Activity:
Transcribe, starting at the line with "Architectural Capriccio Of" and ending at the line with "DescriptionCharles Thompson architectural", every line of the material below exactly, but leave out the pictures and anything outside that span.

Records provided:
- Opening Delimiter -

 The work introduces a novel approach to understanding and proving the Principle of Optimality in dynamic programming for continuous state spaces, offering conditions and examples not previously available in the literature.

- Closing Delimiter -
- Opening Delimiter -

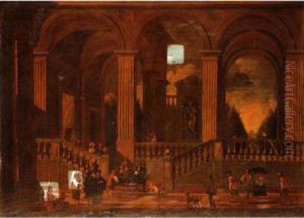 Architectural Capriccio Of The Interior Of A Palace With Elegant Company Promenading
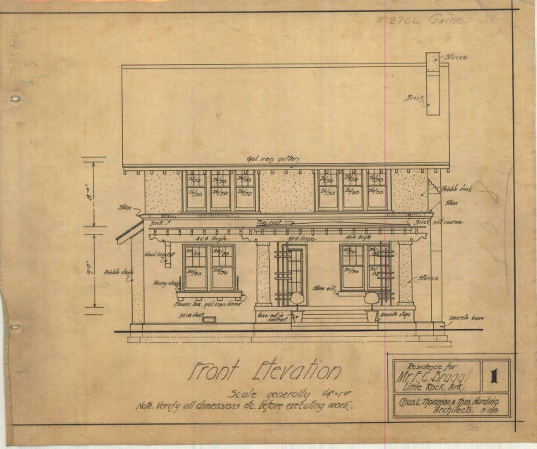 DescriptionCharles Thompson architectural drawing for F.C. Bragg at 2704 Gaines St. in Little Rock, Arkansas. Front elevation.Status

- Closing Delimiter -

Expected answer:
 Architectural Capriccio Of The Interior Of A Palace With Elegant Company Promenading
 DescriptionCharles Thompson architectural drawing for F.C. Bragg at 2704 Gaines St. in Little Rock, Arkansas. Front elevation.Status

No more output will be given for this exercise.